Irgendwann nach jener Demonstration haben wir versucht, es etwas stiller um uns werden zu lassen. Freunde und Überzeugung waren zwar geblieben, aber einige Dinge hatten sich geändert. Es ergab mehr Sinn für uns, unsere Ziele anderswo als auf der Straße in Angriff zu nehmen. Unser Leben machte das jedoch auch nicht einfacher, mit dem Resultat, dass wir jetzt hier standen. Lagen.
Ich bin so erschöpft davon, einen ganzen Tag liegend zu verbringen, dass ich jetzt nicht einschlafen kann. Vorhin aber, als ich in unser Abteil zurückkam, hatte immerhin sie ein bisschen Schlaf gefunden, in den Straßenklamotten, auf der Tagesdecke. Jetzt aber scheint sich unter mir etwas zu regen, und ich will hinuntergehen und nach ihr schauen, mich zu ihr auf die Bettkante setzen.

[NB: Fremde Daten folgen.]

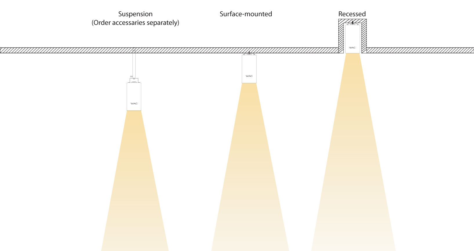 提供悬挂式、明装式和嵌入式三种不同的安装方式。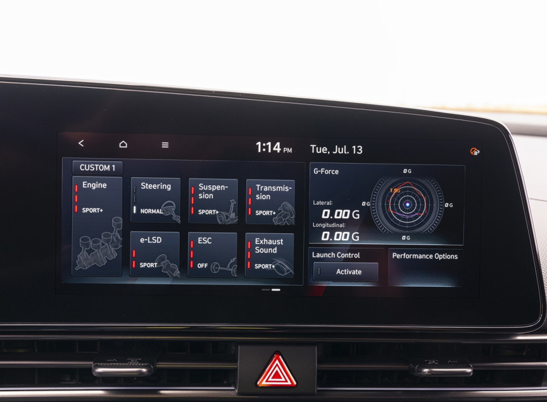 除了硬件上的提升,在软件上也有所区别,伊兰特N的娱乐系统将增加N系列专属采用和功能,支持增压、油温计、G值信息和单圈计时器等功能,营造出更赛道化的运动氛围。
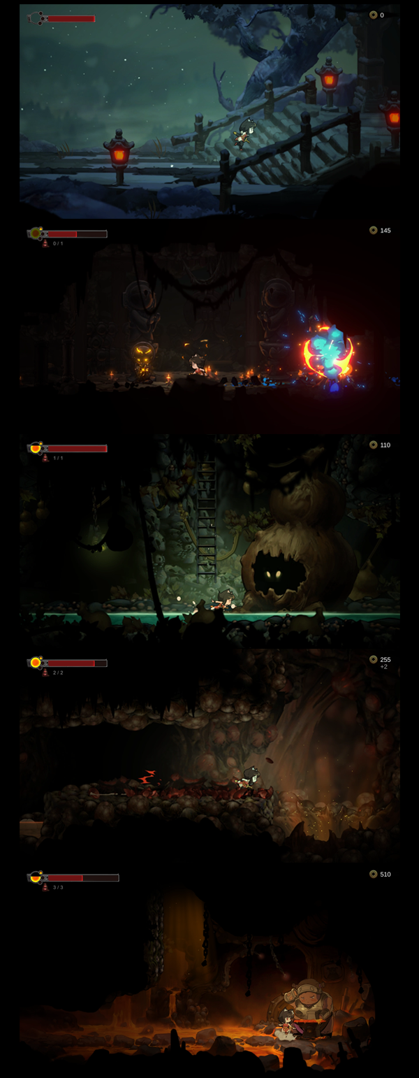 在游戏中玩家可以操作主角做出移动,跳跃,二段跳,冲刺,攀爬,悬挂,连击,使用灵力等诸多动作。

»Guck mal,« sagt sie, leicht verlegen nach unten blickend, »was ich grade gefunden habe.«
Sie zieht den Einkaufszettel von heute morgen aus der Hosentasche. Ich muss unwillkürlich an all die Sachen denken, die darauf stehen. Der Stift, den sie zum Aufschreiben der Liste nahm, findet sich in der gleichen Tasche. Sie setzt sich auf und drückt mir die Liste auf die Brust:
»Weißt du, was brauche ich schon all diese Dinge, wenn ich mit dir unterwegs bin?« Sie streicht den ersten Eintrag durch und guckt mir in die Augen. »Du bist schon lang das Salz der Erde für mich.« Ein weiterer Strich, »und auch das Sprudelwasser, oder zumindest der Sprudel darin. Du bist das Brot meines Lebens.« Sie guckt mich ernst an. »Sei meine Seidenstraße für mich, ob Muskat oder Mohn.« Jeden Strich spüre ich durch die Jacke. Ich erwische mich dabei, wie ich, als würde ich beten, nachzähle, was wir uns heute Morgen noch als letzte Erinnerungen an die Heimat aufgeschrieben haben. »Die Fische? Deine Lebendigkeit hat sie schon seit Jahren für mich ersetzt.« Strich. »Ohne dich hätte ich nie Wein getrunken, warum sollte ich es mit dir tun? Du bist mir doch all mein Wein der Welt.« Ein letzter Strich, der das Papier zerreißt und eine leichte Spur auf der Jacke hinterlässt. »Was brauche ich Geist mir dir? Sind wir doch die Saat und der Felsen, auf dem wir unser neues Leben gründen wollen.«
Angesichts all ihrer Ernsthaftigkeit fange ich erst jetzt an zu schmunzeln. »Im Angesicht der Verzweiflung haben es die verrückten Dinge schon immer verdient, ausprobiert zu werden.«, sage ich nachdenklich zu ihr. »Solange wir noch reden können …« Spuren werden ihre Sätze jedenfalls hinterlassen. Und schließlich kann auch ich einschlafen.